■ **RECORDS SHOWN**
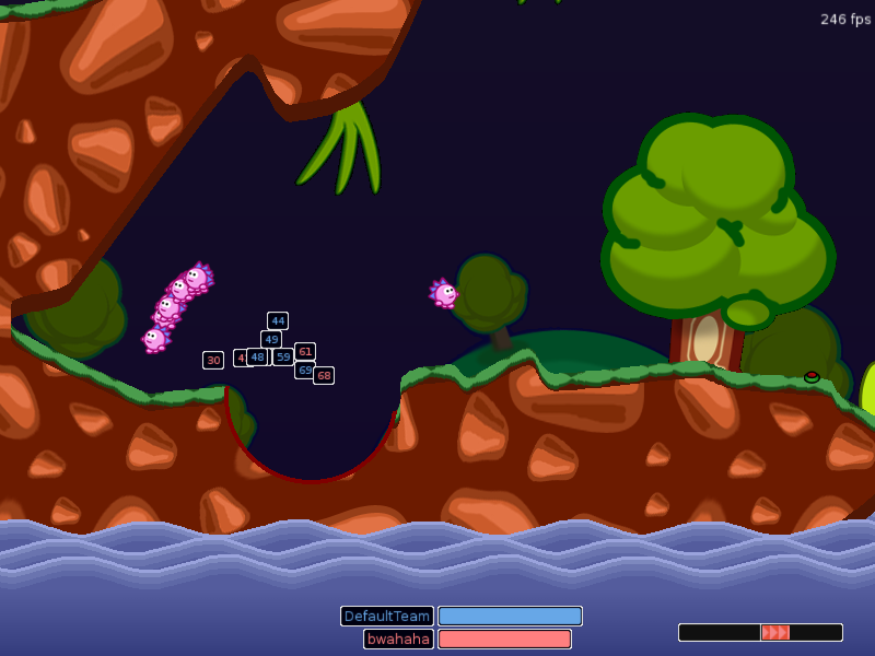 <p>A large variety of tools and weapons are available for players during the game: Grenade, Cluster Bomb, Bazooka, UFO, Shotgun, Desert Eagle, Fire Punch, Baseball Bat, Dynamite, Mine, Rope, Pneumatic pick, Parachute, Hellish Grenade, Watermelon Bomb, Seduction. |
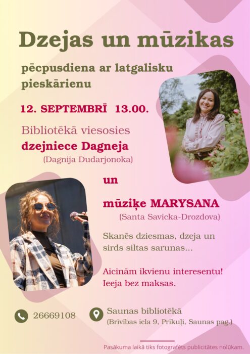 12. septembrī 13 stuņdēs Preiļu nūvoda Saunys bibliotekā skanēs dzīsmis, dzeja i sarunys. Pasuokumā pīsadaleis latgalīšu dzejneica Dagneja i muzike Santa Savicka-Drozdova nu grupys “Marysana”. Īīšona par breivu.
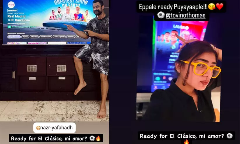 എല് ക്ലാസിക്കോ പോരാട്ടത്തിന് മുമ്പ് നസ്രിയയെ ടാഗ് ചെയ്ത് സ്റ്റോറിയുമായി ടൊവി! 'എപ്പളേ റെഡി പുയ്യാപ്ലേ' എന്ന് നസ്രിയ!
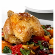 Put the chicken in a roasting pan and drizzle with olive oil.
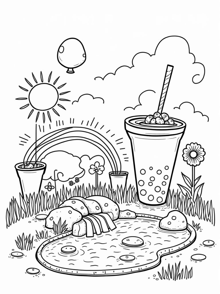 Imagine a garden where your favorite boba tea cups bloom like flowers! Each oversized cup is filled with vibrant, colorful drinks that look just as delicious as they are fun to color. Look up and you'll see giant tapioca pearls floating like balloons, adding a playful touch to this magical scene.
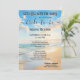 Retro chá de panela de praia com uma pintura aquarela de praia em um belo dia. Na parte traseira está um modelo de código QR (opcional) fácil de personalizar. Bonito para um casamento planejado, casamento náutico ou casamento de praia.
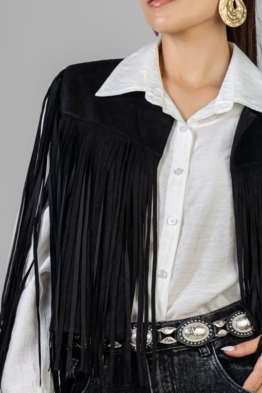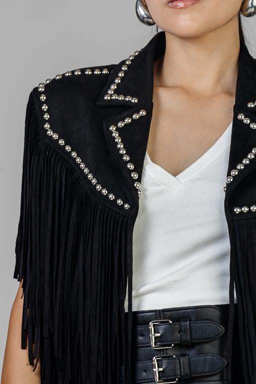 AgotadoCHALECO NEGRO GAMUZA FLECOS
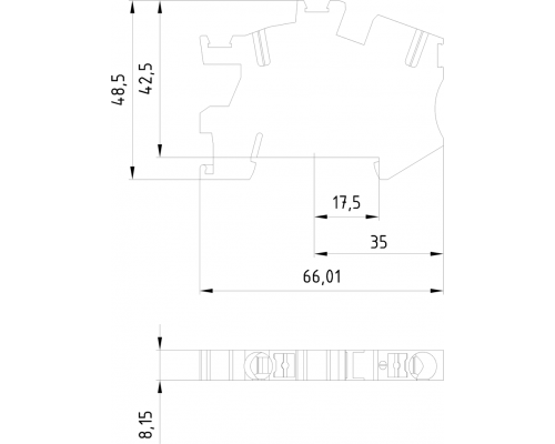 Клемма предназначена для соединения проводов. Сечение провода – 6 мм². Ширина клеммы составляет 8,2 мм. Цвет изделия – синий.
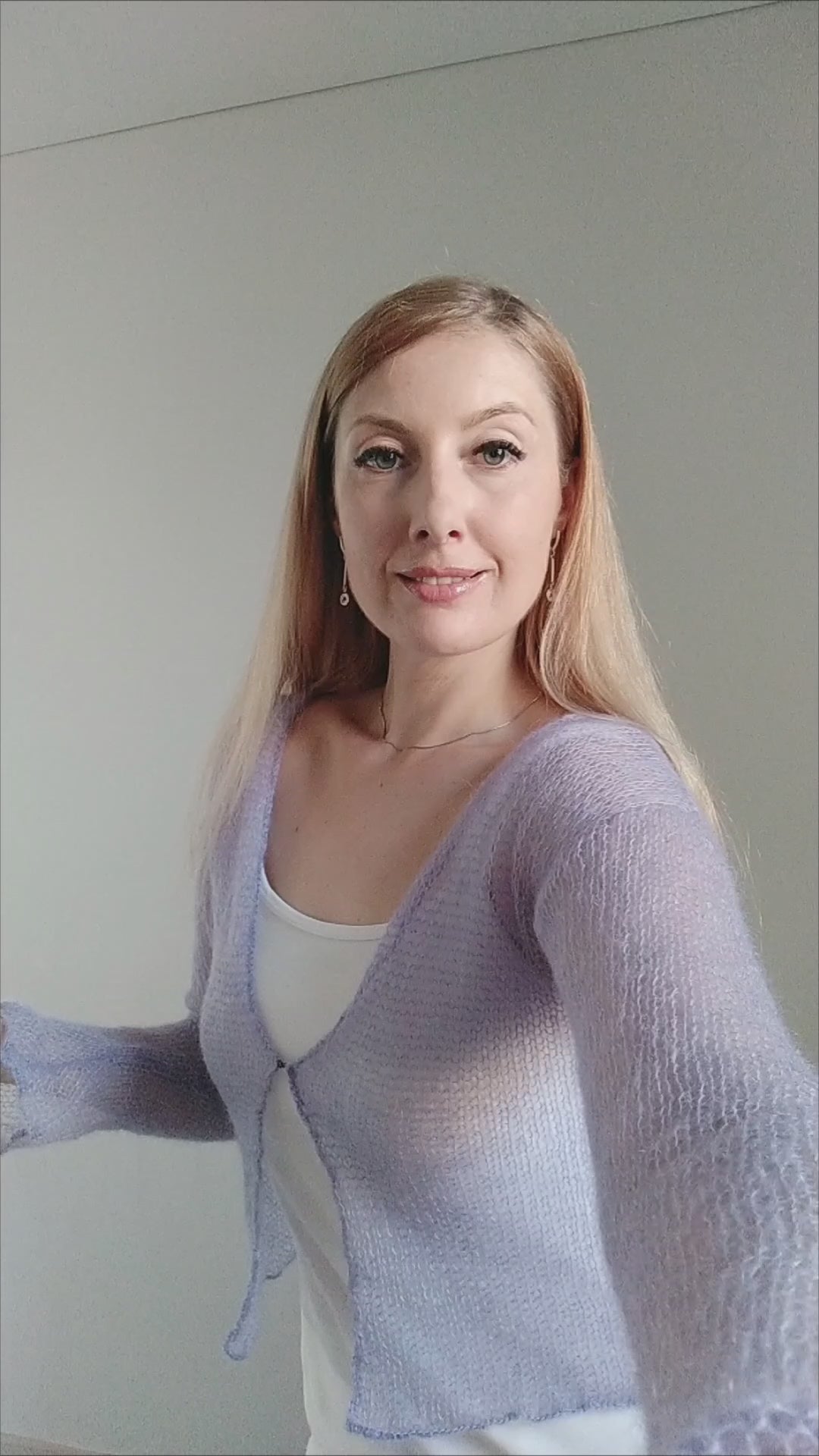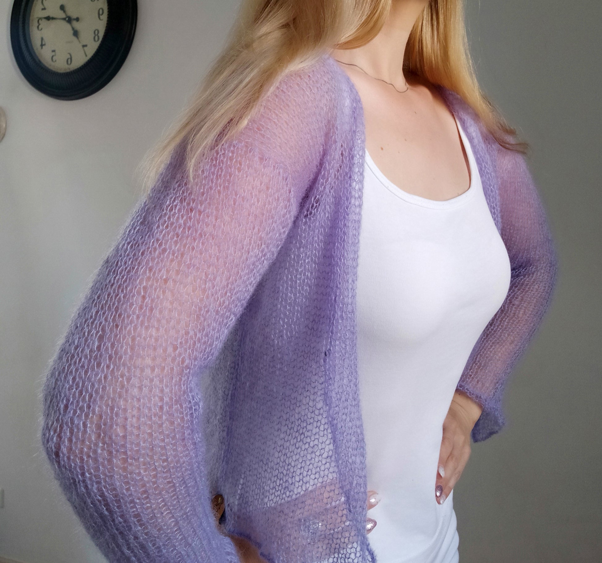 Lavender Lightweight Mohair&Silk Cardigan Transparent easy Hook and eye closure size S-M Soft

■ **WHAT IS BEING ASKED**
Set down every entry above exactly as written. Leave out all pictures.

■ **EXERCISE SOLUTION**
 <p>A large variety of tools and weapons are available for players during the game: Grenade, Cluster Bomb, Bazooka, UFO, Shotgun, Desert Eagle, Fire Punch, Baseball Bat, Dynamite, Mine, Rope, Pneumatic pick, Parachute, Hellish Grenade, Watermelon Bomb, Seduction. |
 12. septembrī 13 stuņdēs Preiļu nūvoda Saunys bibliotekā skanēs dzīsmis, dzeja i sarunys. Pasuokumā pīsadaleis latgalīšu dzejneica Dagneja i muzike Santa Savicka-Drozdova nu grupys “Marysana”. Īīšona par breivu.
 എല് ക്ലാസിക്കോ പോരാട്ടത്തിന് മുമ്പ് നസ്രിയയെ ടാഗ് ചെയ്ത് സ്റ്റോറിയുമായി ടൊവി! 'എപ്പളേ റെഡി പുയ്യാപ്ലേ' എന്ന് നസ്രിയ!
 Put the chicken in a roasting pan and drizzle with olive oil.
 Imagine a garden where your favorite boba tea cups bloom like flowers! Each oversized cup is filled with vibrant, colorful drinks that look just as delicious as they are fun to color. Look up and you'll see giant tapioca pearls floating like balloons, adding a playful touch to this magical scene.
 Retro chá de panela de praia com uma pintura aquarela de praia em um belo dia. Na parte traseira está um modelo de código QR (opcional) fácil de personalizar. Bonito para um casamento planejado, casamento náutico ou casamento de praia.
 AgotadoCHALECO NEGRO GAMUZA FLECOS
 Клемма предназначена для соединения проводов. Сечение провода – 6 мм². Ширина клеммы составляет 8,2 мм. Цвет изделия – синий.
 Lavender Lightweight Mohair&Silk Cardigan Transparent easy Hook and eye closure size S-M Soft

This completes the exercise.